You can control map size by setting "pig.maxCombinedSplitSize",
"mapred.max.split.size", "mapred.min.split.size". The first one is pig
parameter and last two are hadoop parameters.
Daniel
On 03/24/2011 06:18 PM, Dexin Wang wrote:
> Thanks for your explanation Alex.
>
> In some cases, there isn't even a reduce phase. For example, we have some
> raw data, after our custom LOAD function and some filter function, it
> directly goes into DB. And since we don't have control on number of mappers,
> we end up with too many DB writers. That's why I had to add that artificial
> reduce phase I mentioned earlier so that we can throttle it down.
>
> We could also do what someone else suggested - add a post process step that
> writes output to HDFS and load DB from that. But there are other
> considerations that we'd like not to do that if we don't have to.
>
> On Thu, Mar 17, 2011 at 2:16 PM, Alex Rovner<[EMAIL PROTECTED]> wrote:
>
>> Dexin,
>>
>> You can control the amount of reducers by adding the following in your pig
>> script:
>>
>> SET default_parallel 29;
>>
>> Pig will run with 29 reducers with the above statement.
>>
>> As far as the bulk insert goes:
>>
>> We are using MS-SQL as our database, but MySQL would be able to handle the
>> bulk insert the same way.
>>
>> Essentially we are directing the output of the job into a temporary folder
>> in order to know the output of this particular run. If you set the amount of
>> reducers to 29, you will have 29 files in the temp folder after the job
>> completes. You can then run a bulk insert SQL command on each of the
>> resulting files with pointing to HDFS either through FUSE(The way we do it)

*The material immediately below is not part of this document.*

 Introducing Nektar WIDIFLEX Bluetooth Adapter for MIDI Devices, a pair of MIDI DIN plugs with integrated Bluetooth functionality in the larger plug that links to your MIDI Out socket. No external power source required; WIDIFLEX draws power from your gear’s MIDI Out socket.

>> or you can copy the resulting files to a samba share or NFS and point the
>> SQL server to that location.
>>
>> In order to bulk insert you would have to either A. Do this in a post
>> processing script or write your own storage func that takes care of this.

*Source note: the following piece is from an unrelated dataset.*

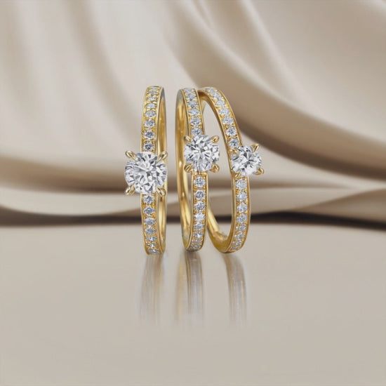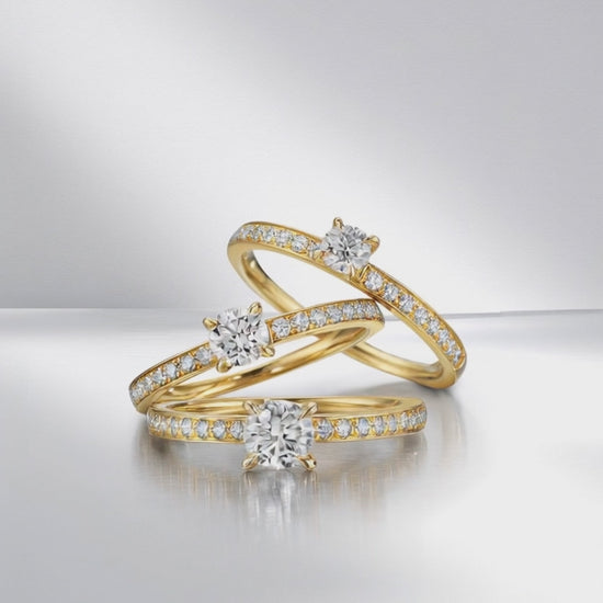 Elegant women's solitaire ring crafted from 18K yellow gold (750). Features a stunning central diamond complemented by smaller diamonds along the band, creating timeless sparkle and sophistication. Perfect for special occasions or as a luxurious everyday accessory.

>> Storage func is tricky since you will need to implement your own
>> outputcommiter (See
https://issues.apache.org/jira/browse/PIG-1891)>>
>> Let me know if you have further questions.
>>
>> Alex
>>
>>
>> On Thu, Mar 17, 2011 at 5:00 PM, Dexin Wang<[EMAIL PROTECTED]> wrote:
>>
>>> Can you describe a bit more about your bulk insert technique? And the way
>>> you control the number of reducers is also by adding artificial ORDER or
>>> GROUP step?
>>>
>>> Thanks!
>>>
>>>
>>> On Thu, Mar 17, 2011 at 1:33 PM, Alex Rovner<[EMAIL PROTECTED]>wrote:
>>>
>>>> We use bulk insert technique after the job completes. You can control the
>>>> amount of each bulk insert by controlling the amount of reducers.
>>>>
>>>> Sent from my iPhone
>>>>
>>>> On Mar 17, 2011, at 2:03 PM, Dexin Wang<[EMAIL PROTECTED]> wrote:
>>>>
>>>>> We do some processing in hadoop then as the last step, we write the
>>>> result
>>>>> to database. Database is not good at handling hundreds of concurrent
>>>>> connections and fast writes. So we need to throttle down the number of
>>>> tasks
>>>>> that writes to DB. Since we have no control on the number of mappers,
>>>> we add
>>>>> an artificial reducer step to achieve that, either by doing GROUP or
>>>> ORDER,
>>>>> like this:
>>>>>
>>>>> sorted_data = ORDER data BY f1 PARALLEL 10;
>>>>> -- then write sorted_data to DB
>>>>>
>>>>> or
>>>>>
>>>>> grouped_data = GROUP data BY f1 PARALLEL 10;
>>>>> data_to_write = FOREACH grouped_data GENERATE $1;
>>>>>
>>>>> I feel neither is good approach. They just add unnecessary computing
>>>> time,
>>>>> especially the first one. And GROUP may result in too large of bags
>>>> issue.
>>>>> Any better suggestions?
>>>